(Source data Opens)
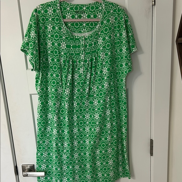 This vibrant green chemise features a stylish pattern, perfect for a comfortable and chic look. Three pieces total that are in good used condition. Two larges and one XL.
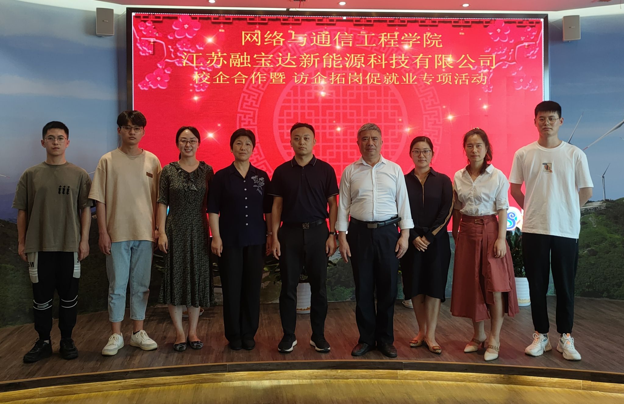 北京融保达新能源科技有限公司是一家以新能源产业为基础,依托新能源产业链开拓多种经营的综合性企业,涉及风电和光伏项目建设及经营、储能、风电后服等。公司总经理韩彤以及江苏分公司总经理林龙均为网通学院通信工程专业2011届校友。网通学院一行首先在林龙总经理的带领下参观了公司,参观后,校企双方进行了深入地交流座谈。陈健书记表明此次访企拓岗的目的,希望利用校友资源,全面加强校企合作。田锦院长介绍了学院的专业特色与优势、师资队伍、人才培养、科研能力等情况,并希望校友们能够经常回母校交流,利用校友平台加强校企合作与联系。林龙经理介绍了公司的产品、企业发展计划等,同时他希望能够为学弟学妹拓展新的就业空间,提供更多岗位资源。
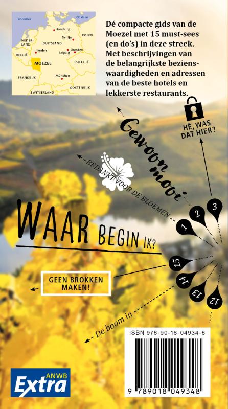 Beleef de Moezel met de compleet vernieuwde reisgids ANWB Extra Moezel! Van bron tot monding stroomt de ongeveer 500 kilometer lange Moezel door drie landen. Vanaf de steile wijnhellingen aan de oever ontvouwt zich op veel plaatsen een adembenemend uitzicht op het slingerende lint van de rivier. De ANWB Extra reisgids Moezel biedt naast veel praktische tips over campings, vakantiehuizen, hotels en vervoer ook 15 inspirerende bezienswaardigheden die je niet mag missen. Maak een tocht langs de jugendstil wijnvilla’s van Traben-Trarbach, ga terug naar de tijd van de koude oorlog en bezoek de Bundesbank-Bunker in Cochem-Cond of wandel door het Romeinse erfgoed in Trier.
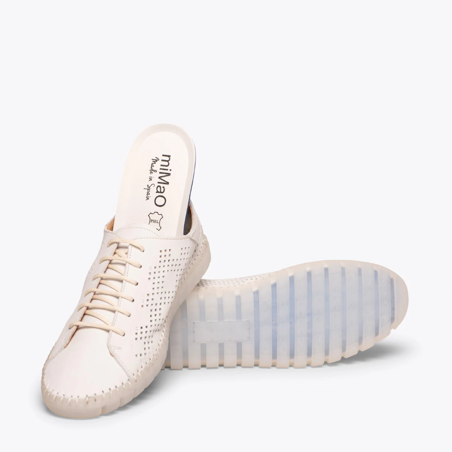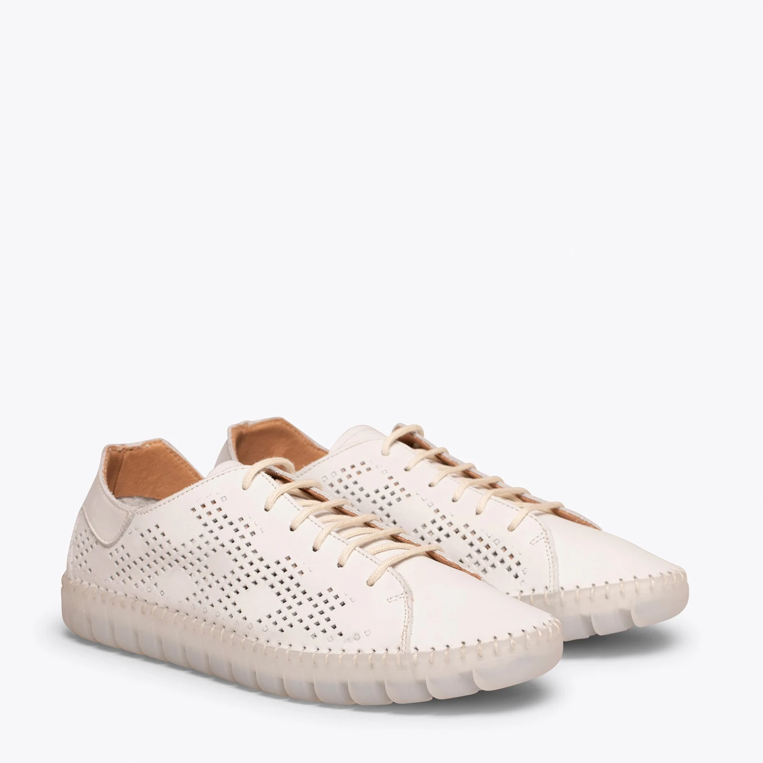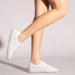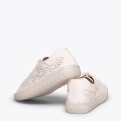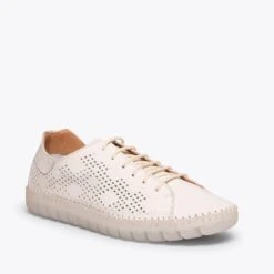 Sneaker confortable printemps – Ă©tĂ© pour femme. C’est une chaussure ultra flexible grâce Ă la semelle extĂ©rieure en caoutchouc transparent. Confort 100% garanti. Sneaker Ă lacets pour femme, en cuir, avec ornement trouĂ© gĂ©omĂ©trique sur les cĂ´tĂ©s. Elle intègre une semelle intĂ©rieure amovible ultra-confort gel. Que demander de plus Ă cette chaussure pour femme?
(Source data Closes)
Assignment: Set the listing down in full and exactly. Pictures within it should not appear in the copy.

Finished exercise:
 This vibrant green chemise features a stylish pattern, perfect for a comfortable and chic look. Three pieces total that are in good used condition. Two larges and one XL.
 北京融保达新能源科技有限公司是一家以新能源产业为基础,依托新能源产业链开拓多种经营的综合性企业,涉及风电和光伏项目建设及经营、储能、风电后服等。公司总经理韩彤以及江苏分公司总经理林龙均为网通学院通信工程专业2011届校友。网通学院一行首先在林龙总经理的带领下参观了公司,参观后,校企双方进行了深入地交流座谈。陈健书记表明此次访企拓岗的目的,希望利用校友资源,全面加强校企合作。田锦院长介绍了学院的专业特色与优势、师资队伍、人才培养、科研能力等情况,并希望校友们能够经常回母校交流,利用校友平台加强校企合作与联系。林龙经理介绍了公司的产品、企业发展计划等,同时他希望能够为学弟学妹拓展新的就业空间,提供更多岗位资源。
 Beleef de Moezel met de compleet vernieuwde reisgids ANWB Extra Moezel! Van bron tot monding stroomt de ongeveer 500 kilometer lange Moezel door drie landen. Vanaf de steile wijnhellingen aan de oever ontvouwt zich op veel plaatsen een adembenemend uitzicht op het slingerende lint van de rivier. De ANWB Extra reisgids Moezel biedt naast veel praktische tips over campings, vakantiehuizen, hotels en vervoer ook 15 inspirerende bezienswaardigheden die je niet mag missen. Maak een tocht langs de jugendstil wijnvilla’s van Traben-Trarbach, ga terug naar de tijd van de koude oorlog en bezoek de Bundesbank-Bunker in Cochem-Cond of wandel door het Romeinse erfgoed in Trier.
 Sneaker confortable printemps – Ă©tĂ© pour femme. C’est une chaussure ultra flexible grâce Ă la semelle extĂ©rieure en caoutchouc transparent. Confort 100% garanti. Sneaker Ă lacets pour femme, en cuir, avec ornement trouĂ© gĂ©omĂ©trique sur les cĂ´tĂ©s. Elle intègre une semelle intĂ©rieure amovible ultra-confort gel. Que demander de plus Ă cette chaussure pour femme?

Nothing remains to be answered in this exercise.